Okay, so according to the source I'd say VCSW are IVCSW are voluntary context switches and involuntary context switches, which I find interesting, cause they seem to be CPU related, despite being in the IO mode of top?

And if I get this right the others refer to ru_inblock and ru_outblock from getrusage(2) is supposed to "number of times the file system had to perform input/output" and fault appears to be "the number of page faults serviced that required I/O activity"

EDIT: Oh the context switches might make sense, cause it might wait for IO.

Also strangely enough ordering seems to work as expected now.

I still think it would be nice to have it in the man page, or otherwise have getrusage(2) as a reference in the "SEE ALSO" section.


----------



## tobik@ (Mar 3, 2017)

tobiam said:


> I still think it would be nice to have it in the man page, or otherwise have getrusage(2) as a reference in the "SEE ALSO" section.


Indeed. Now that you have done the research already, submit a patch maybe? 

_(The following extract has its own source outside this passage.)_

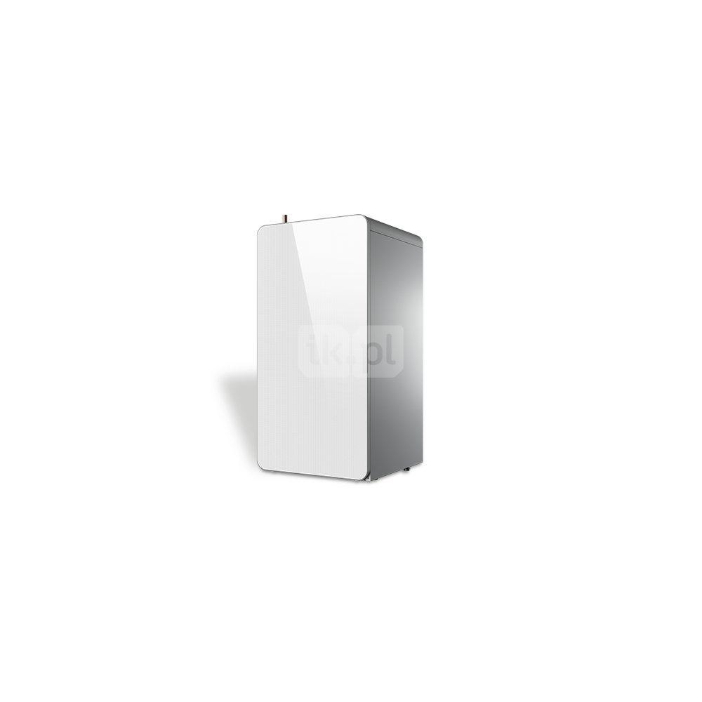 SWDP 300 O C – stojący, o podstawie kwadratowej, ze stali nierdzewnej podgrzewacz do c.w.u. z jedną wężownicą do pomp ciepła, czujnik temp. na wyposażeniu. Biały metalowy front komponuje się z metalową obudową pompy ciepła.

P.S.: There are open bugs for this already (PR 199637, PR 142917), but they seem to have gone nowhere. Judging by https://lists.freebsd.org/pipermail/freebsd-questions/2007-September/158479.html this has been known for quite a long time...


----------



## grahamperrin@ (Sep 12, 2021)

tobik@ said:


> … (PR 199637, PR 142917), but they seem to have gone nowhere. …



Both bugs are now _Closed FIXED_. 

<https://www.freebsd.org/cgi/man.cgi?query=top&sektion=1&manpath=FreeBSD+13.0-RELEASE#SEE_ALSO> under *top(1)* includes a reference to getrusage(2) with interpretations.


----------